Pour Morice, Voltaire a dit globalement la même chose que Goebbles, il faut juste savoir à qui (et donc à quoi) on veut se référer. C’est ca la densité de la parole.
D’autres termes...Voyons... mécréants ? hérétiques ? Il y en a bien d’autres.
Vous avez décidé d’avoir une vision judéocentré, c’est votre droit (jusqu’à une certaine limite).
Mais n’imaginez pas que parceque l’on ne pense pas comme vous, on est "payé par les sionistes". Il arrive aux gens d’avoir un libre arbitre et de ne pas être an accord avec vos théories fumeuses. Heureusement, tout le monde ne pense pas comme vous.Votre discours tient plus de la pathologie qu’autre chose.
Je vous plains de vivre dans un monde entouré d’ennemis. La solitude de l’extrêmiste doit peser bien lourd sur vos épaules.
En fait je pense que je vais arrêter là moi aussi parceque vous n’êtes pas disposés à l’apaisement. La preuve vous trouvez n’importe quoi pour me sauter à la gorge.

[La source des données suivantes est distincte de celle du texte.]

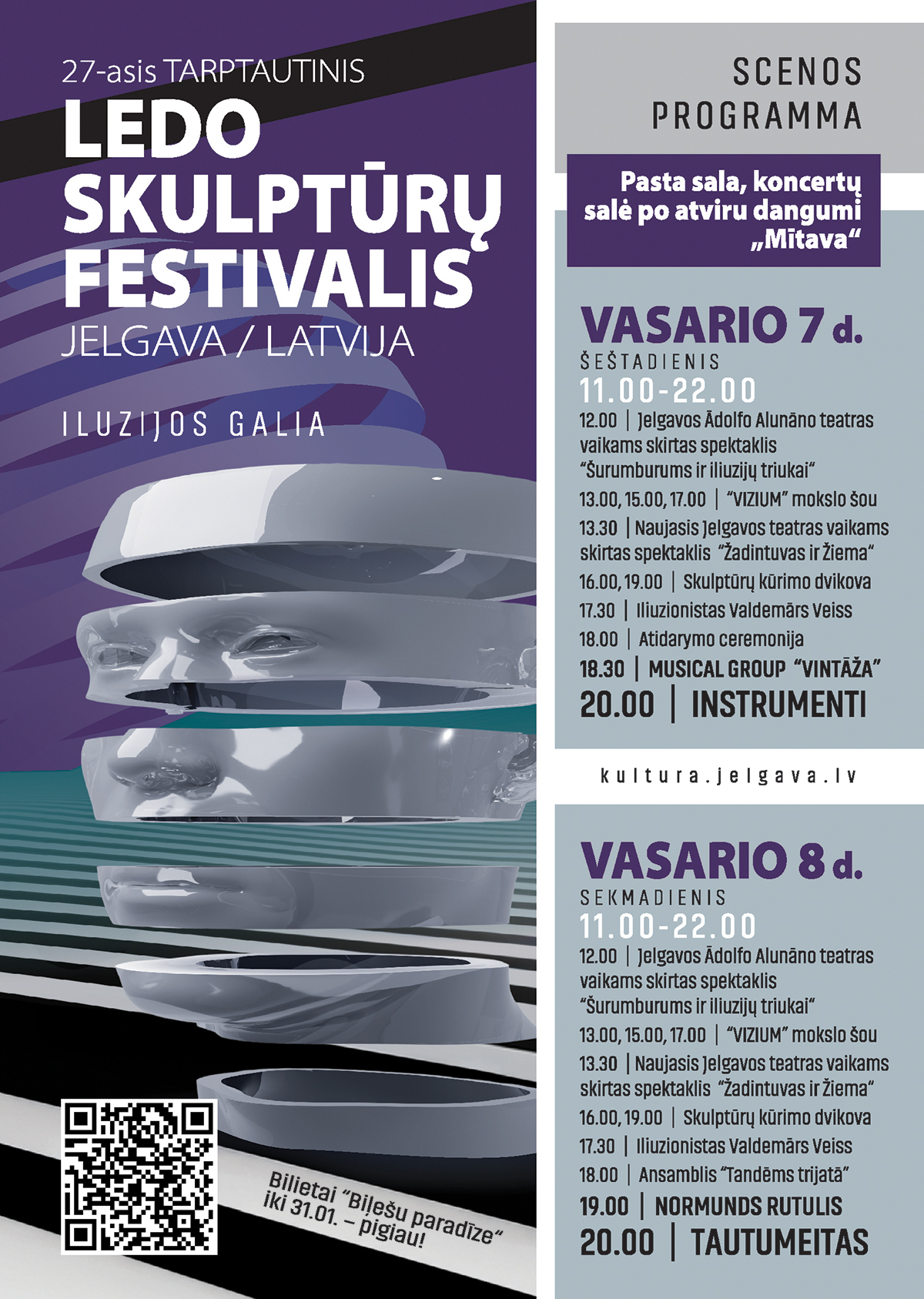 Vasario pradžioje Jelgava virs iliuzijų pasauliu – vieta, kur atsiskleidžia paslaptys, o nematoma tampa matoma. Čia susitinka realybė ir fantazija, susilieja tiesa ir apgaulė, o ledo skulptūros tampa tiltu tarp to, kas matoma, ir to, kas įsivaizduojama. 27-asis Tarptautinis ledo skulptūrų festivalis Jelgavoje kviečia pažvelgti už regimojo ribų ir patirti „Iliuzijos galią“ – temą, kurią lede įkūnys skulptoriai iš įvairių pasaulio šalių.

Je vous ai comparé à l’Eglise du XVème siècle. Vous avez commencé à hurler que j’attaquais l’Eglise ce qui est quand même assez paradoxal pour un type qui a à ce point envie d’en découdre avec les juifs. L’Eglise du XVème siècle comme bien des religions pensait que la Terre était plate et tuait pour cela. L’ignorance de ses savants avait cela de magique que non seulement l’inexplicable venait de Dieu, mais de plus, tout désaccord pour les tiers pouvait potentiellement devenir mortifère.

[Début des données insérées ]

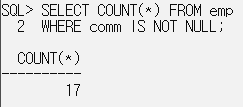 WHERE comm IS NOT NULL; // null이 아닌 사원만 검색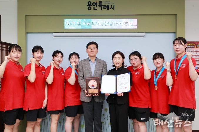 태산뉴스 이지율 기자 | 용인특례시는 16일 직장운동경기부 소속 볼링팀의 우승 트로피 봉납식이 시청 시장실에서 열렸다고 밝혔다.

Ici c’est pareil. Vous ne comprenez visiblement qu’une partie de ce qui fait ce monde. Et lorsque quelque chose vous échappe (et vous déplaît cela va sans dire) vous accusez immédiatement tous ceux qui, selon vous, parceque vous l’avez décidé, sont des ordures. Résultat à tous vous messages, on peut lire la triptique "SARKOZY/BUSH/SIONISTE".
Sauf que vous ne prouvez rien ou presque. Vous mettez en vrac sans véritable ordre, vous ne démontrez ni trouble objectif vérifiable, ni cause, ni fait générateur précis (les bases de la responsabilité en droit). Vous vous reposez sur des arguments délibérément fallacieux, ceux qui peuvent vous laisser croire qu’en fin de compte vous avez raison. Vous ne cherchez qu’à démontrer un point final, et non à suivre une longue route de vérité, parceque vous avez peur ;
Certaines de vos analyses sont pertinentes, mais elles ne le sont qu’au regard de l’axe de pensée que vous suivez ; ce qui veut dire que finalement, si vous avez en partie raison (disons à 10%) vous aurez tort pour tout le reste (le calcul est facile) parceque votre axiome fondateur est erronné.

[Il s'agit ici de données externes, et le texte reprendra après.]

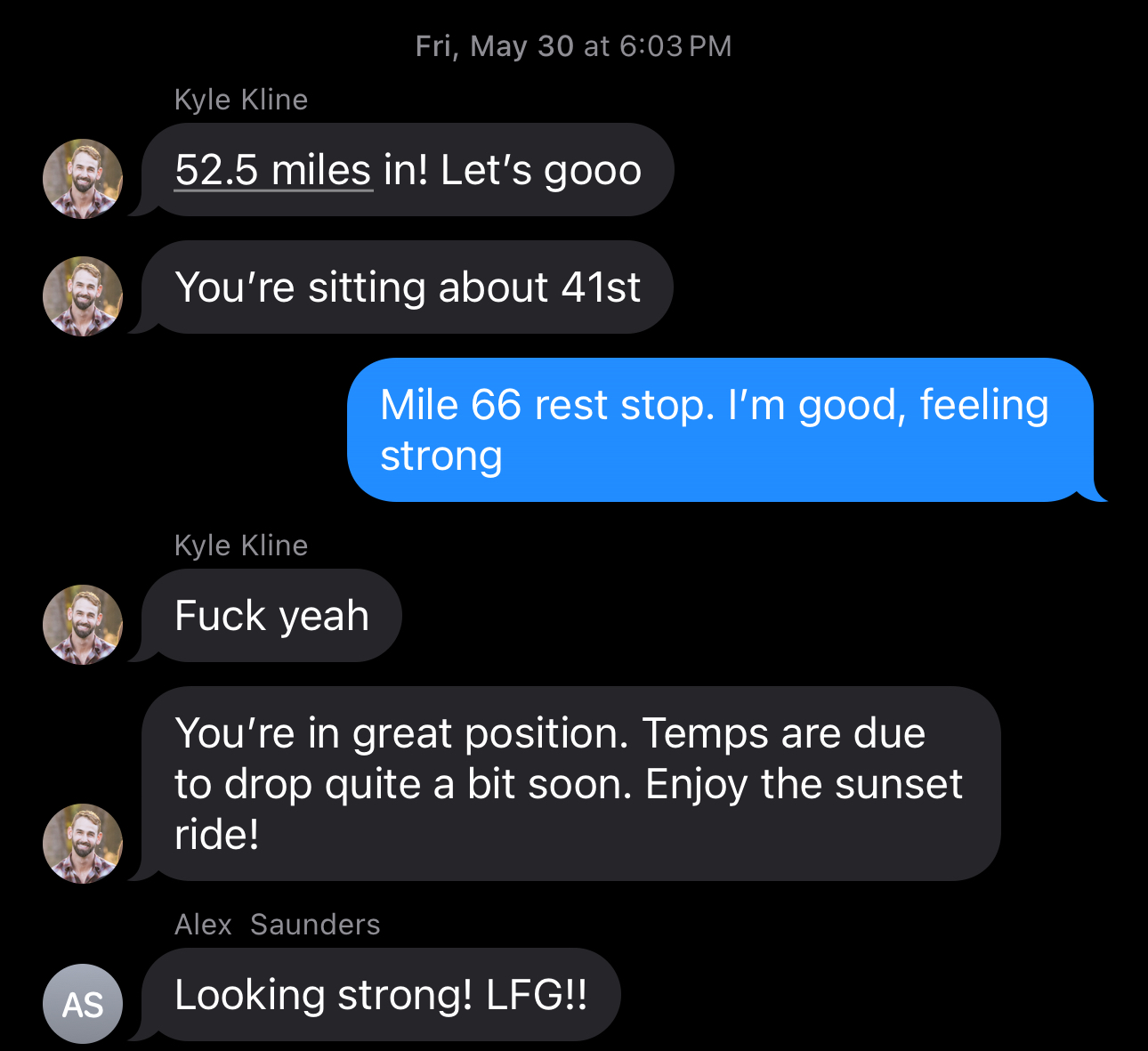 Mile 222. I caught up to a small pack that included Shawn and Bracken from CO, Timo from Canada, and Rachel from Naples, Italy. They were the most important people in my life at that moment. They’re positivity and camaraderie pushed me through. They welcomed me as if I was a lost lion cub searching for a new pride. Shawn gave me a powered donut and some ibuprofen. Rachel took long pulls in the front. Bracken and I talked about Austin and his remote work there. We became instant friends and not a group I’ll ever forget. We got through the final two aid stations and headed home for the last long 80 miles together.

Egalement, je souhaiterais l’arrêt des attaques ad hominem. Je n’ai rien fait pour provoquer de telles réactions, je passe mon temps à parler d’apaisement. Si vos insultes s’appuyaient sur quelque chose d’objectif, elles auraient une raison d’exister. Ce n’est pas le cas. Donc la seule conclusion qui me vient à l’esprit c’est donc que vous êtes racistes. Mais vous ne l’êtes pas selon vous. Alors vous êtes probablement malade puisque vous ne savez pas discuter sans insulte, et je vous conseille fortement de vous faire aider. De plus le droit est pour moi une fin et un moyen (pas par ambition, mais parceque la logique juridique est d’une grande rigueur, il est donc peu risqué de la suivre pour raisonner).
Vous devez également savoir que tout le monde a droit a un avocat. Néanmoins pour l’affaire Tapie, les avocats ne sont pas en cause, notamment parcequ’il s’agissait d’un tribunal arbitral. Seul l’exécutif est responsable de cette affaire. Les avocats ont un rôle social a remplir et ils s’y tiennent. Ils ne décident rien eux même. J’avais entendu parler de gouvernement des juges, mais jamais de gouvernement d’avocat. Vous devez vous emmeler les pinceaux, car je ne comprends cette notion, conceptuellement parlant.
mais bon, le fait de mêler Dieudonné et Tapie, témoigne, une fois de plus, d’une grande confusion mentale et d’une absence globale de compréhension du monde. Je crois qu’il n’y a pas vraiment d’intérêt à discuter avec vous dès lors que vous ne savez pas exactement de quoi vous parlez.